Gambar kabah saat pandemi berlangsung, social distancing tetap diterapkan.

 

Awal tahun 2020 tidak hanya Indonesia tapi hampir seluruh dunia terkena pandemi Covid 19 yang awalnya hanya terjadi di Huwan China. Indonesia dinyatakan terkena papa besar kwerundemic covid 19.

Pandemi ini menyebabkan munculnya larangan para Jemaah umrah yang akan berangkat ke tanah suci. Larangan tersebut dimulai pada akhir Februari 2020 atau hampir 2 tahun yang lalu. Saat itu Jemaah yg sudah berada di bandara Soekarno Hatta dibuat tidak pasti akan keberangkatannya ke tanah suci dan akhirnya pemerintah memutuskan untuk menghapus ibadah umrah dan haji selama masa pandemi.

Dapat dibayangkan berapa besar kerugian yang harus ditanggung oleh para penyelenggara ibadah umrah tersebut. Mereka harus mengembalikan semua biaya kepada para calon Jemaah mereka. Sejak saat itu boleh dikatakan bahwa sector pariwisata mulai mengalami guncangan yang cukup hebat.

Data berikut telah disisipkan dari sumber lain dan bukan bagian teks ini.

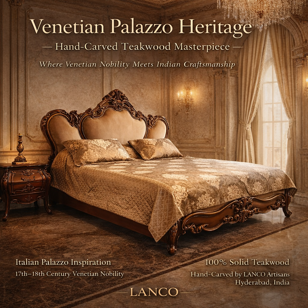 The Venetian Palazzo Heritage by LANCO Furniture & Handicrafts represents the finest in luxury teakwood beds in Hyderabad, designed for homeowners who value timeless elegance and heirloom craftsmanship. Inspired by 17th–18th century Venetian palace interiors, this classic solid wood bed blends European grandeur with the strength and durability of Indian teakwood.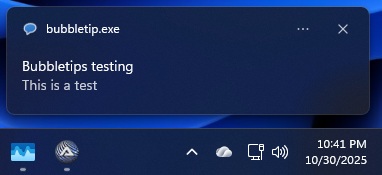 bubbletip.exe t="Bubbletips testing" m="This is a test" s=10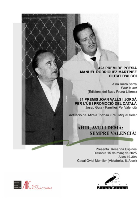 La vetlada se celebra aquest 15 de març al Casal Ovidi Montllor a les 19:30h sota el lema: ‘Ahir, avui i demà: sempre valencià’. En aquest esdeveniment s’entreguen els 31 Premis Joan Valls i Jordà per l’Ús i Promoció del Català i també s’entrega el guardó de la 42 edició del Premi de Poesia Manuel Rodríguez Martínez Ciutat d’Alcoi.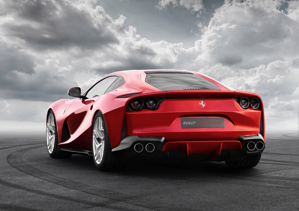 At the rear, four round tail-lights inspired by Ferrari tradition emphasise a design crafted around horizontal lines and give the 812 Superfast a broad, imposing stance, visually lowering both spoiler and cabin.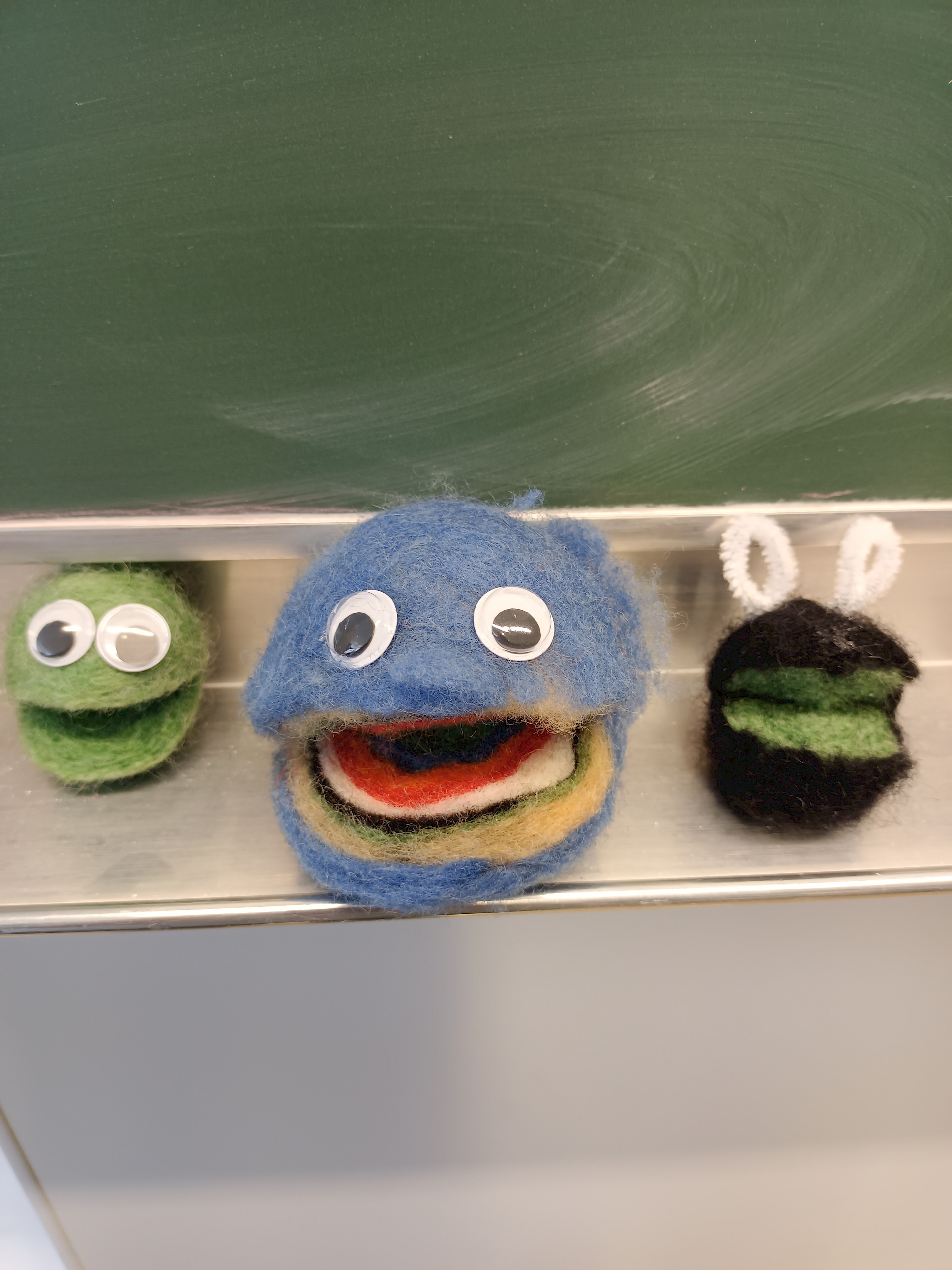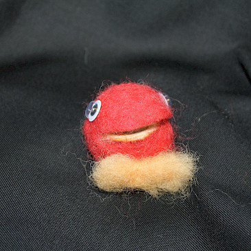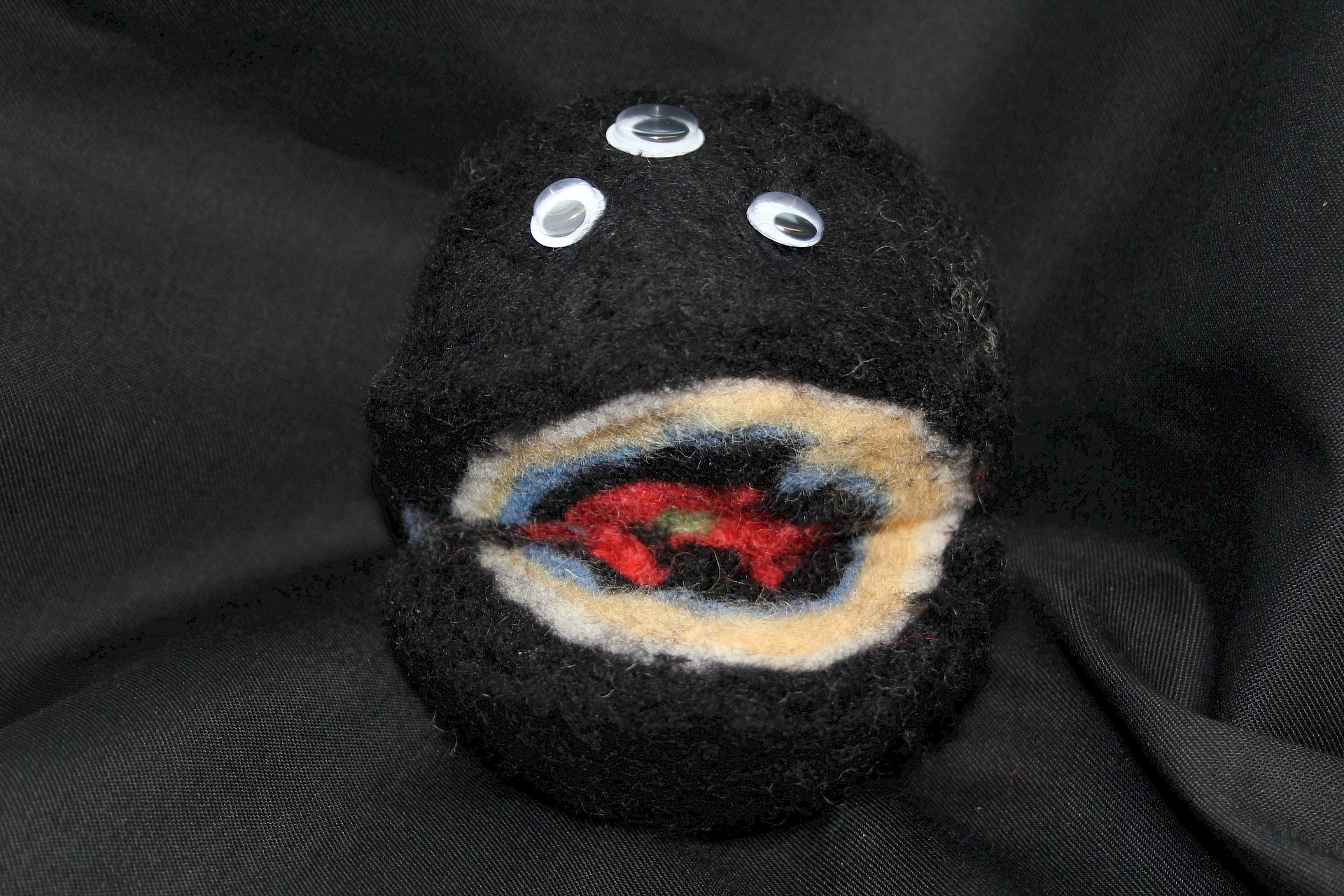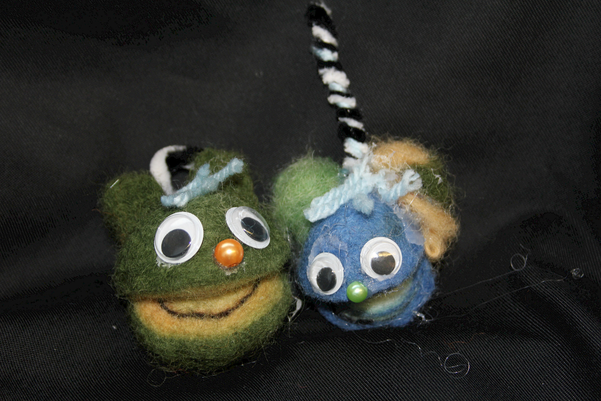 Durch die Nassfilztechnik wurden Filzkugeln in verschiedenen Farben schichtweise gefilzt und dann getrocknet. Danach konnte man die Filzkugeln auseinanderschneiden und weiter dekorieren zu kleinen Filzmonstern.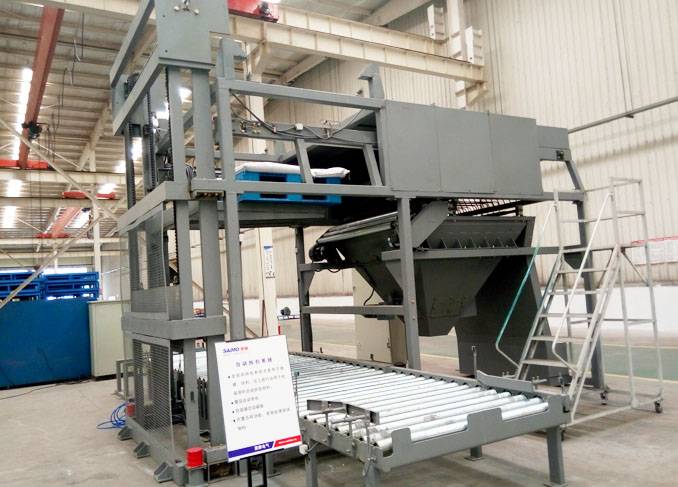 用于将板结的料袋振打、碎料、疏松板结物,同时能将上层料袋整平。以便抓取装置能顺利抓取料袋。该装置由振动框架、9台振动电机、尖锥振动板组成配置有检测装置。能检测到料袋达振动位置。通过PLC控制振动周期及次数。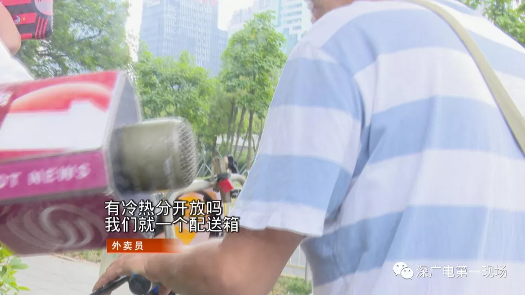 隨后送來(lái)的三份外賣里,冷飲和飯菜同樣是混合放在一個(gè)外賣箱中一起送過(guò)來(lái)。大部分外賣員反映,外賣箱沒(méi)有明確區(qū)分冷藏和熱藏區(qū)成了最大問(wèn)題,對(duì)于商家統(tǒng)一打包的冷飲和熱飯菜,他們大多也都不會(huì)主動(dòng)去分開運(yùn)送。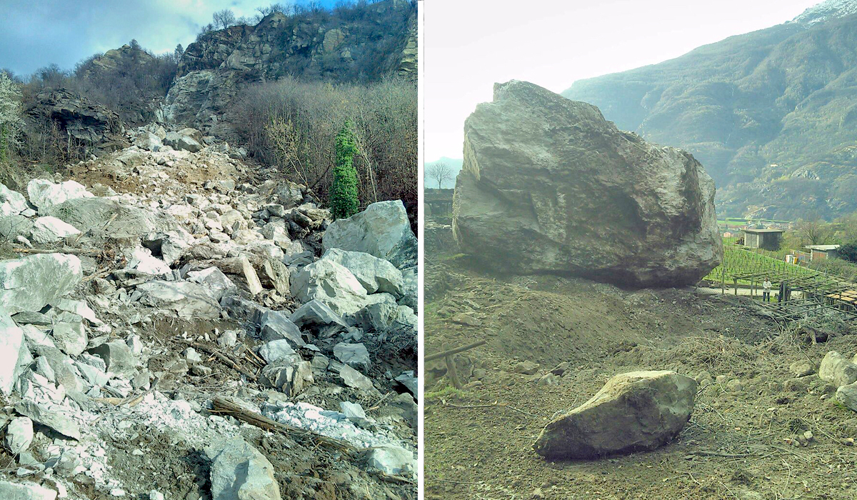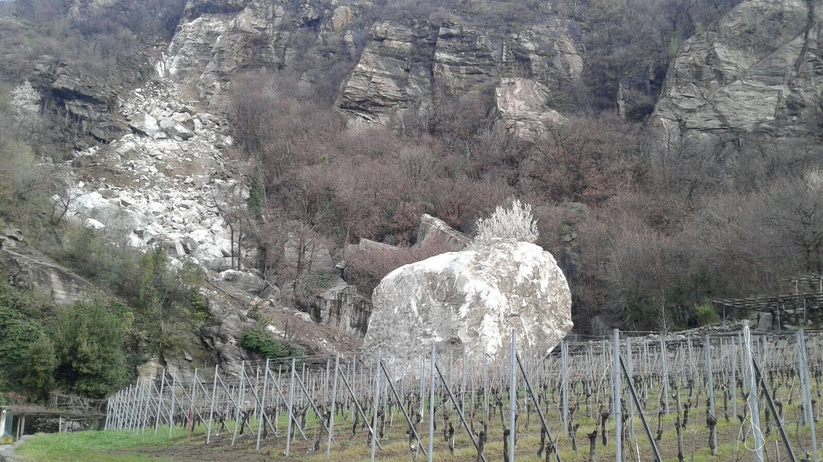 Un forte boato ha svegliato molte famiglie a Donnas, la scorsa notte, intorno alle 3.30. A provocarlo è stato il distacco di un enorme masso roccioso – stimato in 800 metri cubi di volume – che si è staccato dalla parete che costeggia la strada comunale in frazione Prelle, accanto alle vigne, sfiorando la piccola cappella di Pedeles. La caduta ha provato la rottura dei tubi dell’acquedotto e una frana, di 1500 metri cubi volume, che ha invaso la strada. La frazione, ora isolata, è abitata da tre persone che sono state fatte scendere a piedi lungo un sentiero.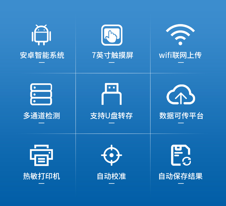 ●安卓操作系統,采用更加高效和人性化操作,儀器具有網線連接、wifi聯網上傳、GPRS無線遠傳功能,快速上傳數據。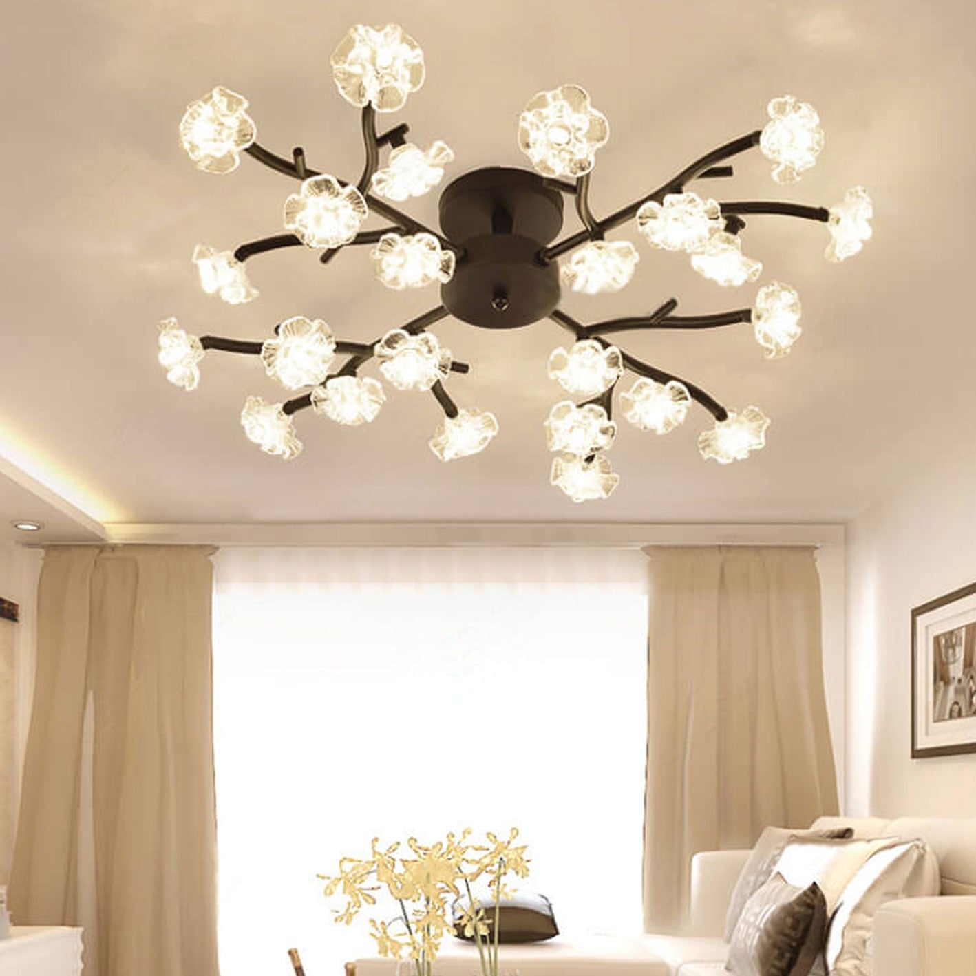 Nordic Creative Plum Blossom Tree Branch LED Semi-Flush Mount Ceiling Light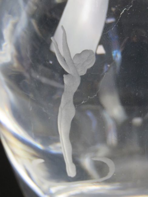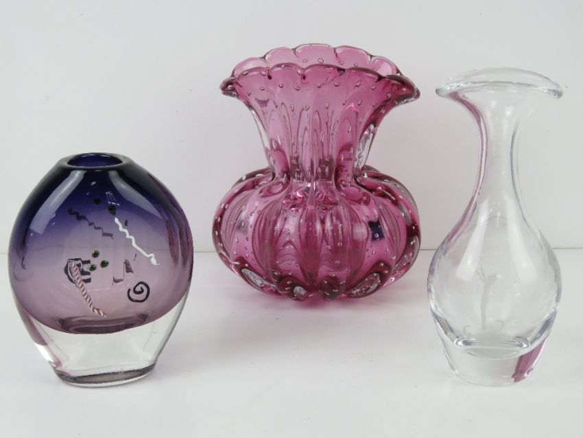Three assorted art glass vases; one having applied decoration marked Pearl Glassware Ltd, another having etched female nude and standing 17.5cm high.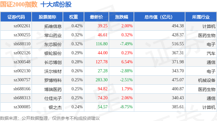 证券之星消息,9月18日,国证2000(399303)指数报收于9794.33点,跌1.06%,成交9726.28亿元,换手率4.78%。当日该指数成份股中,上涨的有408家,德科立以20.0%的涨幅领涨,下跌的有1570家,银之杰以8.75%的跌幅领跌。

Sejak saat itu muncul aturan PPKM yang membatasi pergerakan manusia pada umumnya . jangankan untuk berlibur , untuk bekerja saja pemerintah membuat aturan hanya 30% yang boleh masuk kantor demi untuk mencegah penyebaran dari Covid 19 . Sektor – sektor usaha non esensial diluar usaha makanan, dianjurkan untuk menghentikan kegiatannya. Banyak rakyat Indonesia yang menjadi korban PHK terutama di sector pariwisata. Hotel, restoran, usaha rental kendaraan dan tempat tempat wisata menjadi sepi pengunjung, karena ada larangan untuk tidak keluar rumah dan disarankan untuk bekerja di rumah.

Dikutip dari Wikipedia , menurut Badan Pusat Statistik tercatat bahwa kunjungan wisman ke Indonesia pada awal 2020 mengalami penurunan 7,62 % atau setara dengan 1,27 juta kunjungan. Angka ini dicatat dari bandara sebagai pintu masuk utama wisman masuk ke Indonesia.

Banyak para pengusaha wisata banting stir mengerjakan usaha yang lain demi menyambung hidup selama pandemic. Tidak sedikit yang menjual asset mereka untuk memenuhi kebutuhan hidup nya. Sedang untuk para karyawannya, tidak sedikit pula yang banting stir menjadi pengusaha kuliner yang dijual secara online .

Tempat tempat wisata otomatis tutup sehingga tampak tidak terawat. Hanya beberapa orang petugas keamanan saja yang masih tampak berjaga jaga untuk mengamankan asset perusahaan.

Begitu hebatnya pandemic Covid 19 menghantam segi perekonomian Indonesia. Akhir tahun 2021, pandemi sedikit demi sedikit mulai berkurang. UKM dan sektor industri mulai bergeliat kembali termasuk sector pariwisata semenjak dilonggarkannya PPKM dan makin banyaknya masyarakat Indonesia yang sudah melakukan suntik vaksinasi anti Covid 19 .

Pulau Bali sebagai tolok ukur wisata Indonesia mulai menerima kunjungan kembali para wisatawan baik manca Negara dan domestik, itupun dengan aturan yang ketat agar tidak ada lagi yang terjangkit Covid 19

Walaupun masih Adanya pembatasan jumlah pengunjung di tempat wisata, hotel, rumah makan, tapi sudah mulai membangkitkan kembali usaha di bidang pariwisata. Hotel-hotel tidak lagi kosong, tempat wisata mulai dikunjungi dan usaha kuliner semakin maju.

Semoga di tahun 2022, covid 19 benar benar hilang sehingga perekonomian Indonesia bisa segera pulih bahkan lebih maju dari sebelumnya.